## Exercise
Repeat verbatim what the listing holds, but not its pictures.

## Input data
※ ※ ※
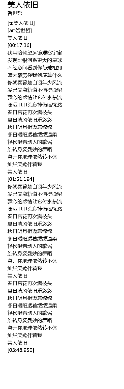 | [01:34.10] | li kai ni di qiu yi ran zhuan bu xiu |
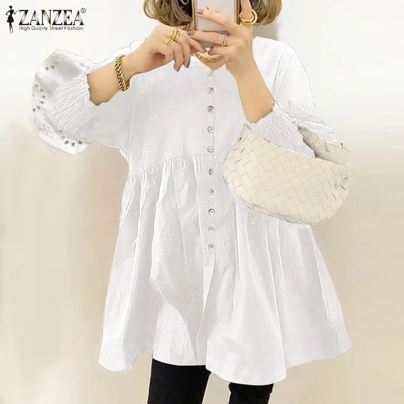 Модная женская офисная рубашка ZANZEA, осенняя блузка с длинными рукавами-фонариками и вырезами, элегантные блузы, однотонная свободная туника, топы, женская рубашка
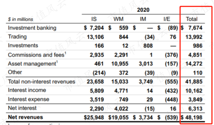 比如说,2020年公司投行业务贡献营收76.7亿美元,占比达15.9%;净利息收入为63.1亿美元,占比为13.1%。
※ ※ ※
## Answer space
 | [01:34.10] | li kai ni di qiu yi ran zhuan bu xiu |
 Модная женская офисная рубашка ZANZEA, осенняя блузка с длинными рукавами-фонариками и вырезами, элегантные блузы, однотонная свободная туника, топы, женская рубашка
 比如说,2020年公司投行业务贡献营收76.7亿美元,占比达15.9%;净利息收入为63.1亿美元,占比为13.1%。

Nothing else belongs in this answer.